**WHAT IS BEING ASKED:**
Pictures are to be omitted; everything else in the data must be transcribed exactly.

**DATA SECTION:**
--*--

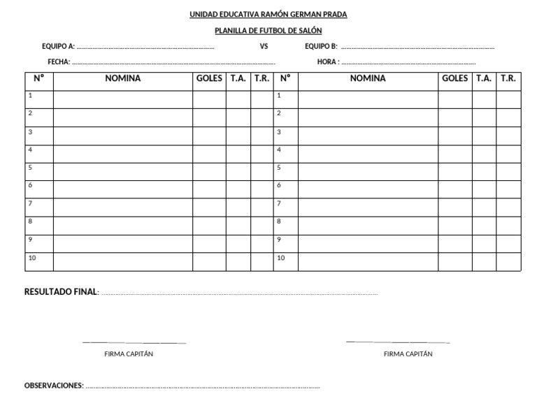 PLANILLA DE FUTBOL DE SALÓN
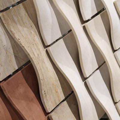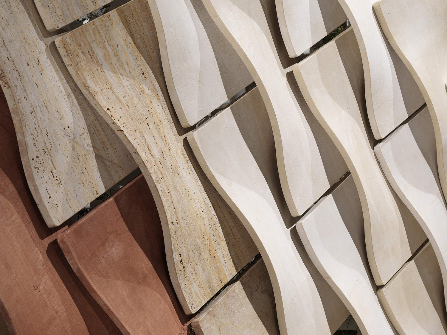Il concept si basa su un sistema di pannelli ondulati che riprendono la texture del vimini intrecciato. Sessantanove “vele in marmo ondulate di vimini” sono appese ad un’anima portante in metallo alta 5 metri e lunga sette disposta a “ventaglio”. Ne risulta un volume sospeso e leggero composto da marmi dai diversi colori che riprendono i cromatismi del vimini. In contrapposizione alla levità del marmo intrecciato, il pavimento utilizza lastre con superficie lavorata volutamente grezza per richiamare il concetto di materiale lapideo allo stato naturale.
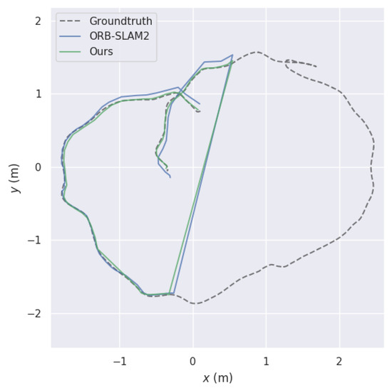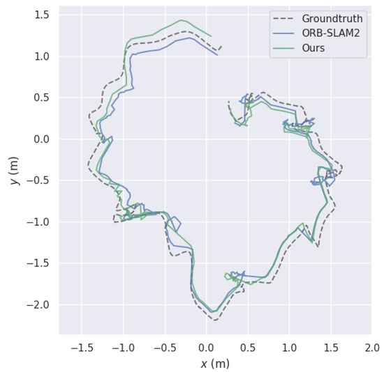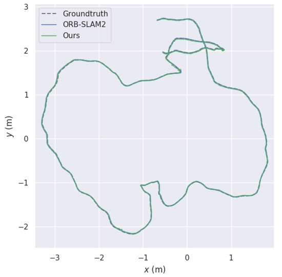 In the RGBD_f3_longhouse dataset, the camera sensor moved without shaking and the entire motion trajectory occurred in a closed loop. As shown in Figure 6, our system and ORB-SLAM2 maintained an accurate pose estimation in a smooth moving environment, and both showed a global optimization, allowing the whole trajectory to be globally corrected through the loopback detection at the back end of the framework. As shown in Table 2, compared with the ORB-SLAM2, the accuracy of our system was not much degraded.

--*--

**RESULT FOR THIS TASK:**
 PLANILLA DE FUTBOL DE SALÓN
Il concept si basa su un sistema di pannelli ondulati che riprendono la texture del vimini intrecciato. Sessantanove “vele in marmo ondulate di vimini” sono appese ad un’anima portante in metallo alta 5 metri e lunga sette disposta a “ventaglio”. Ne risulta un volume sospeso e leggero composto da marmi dai diversi colori che riprendono i cromatismi del vimini. In contrapposizione alla levità del marmo intrecciato, il pavimento utilizza lastre con superficie lavorata volutamente grezza per richiamare il concetto di materiale lapideo allo stato naturale.
 In the RGBD_f3_longhouse dataset, the camera sensor moved without shaking and the entire motion trajectory occurred in a closed loop. As shown in Figure 6, our system and ORB-SLAM2 maintained an accurate pose estimation in a smooth moving environment, and both showed a global optimization, allowing the whole trajectory to be globally corrected through the loopback detection at the back end of the framework. As shown in Table 2, compared with the ORB-SLAM2, the accuracy of our system was not much degraded.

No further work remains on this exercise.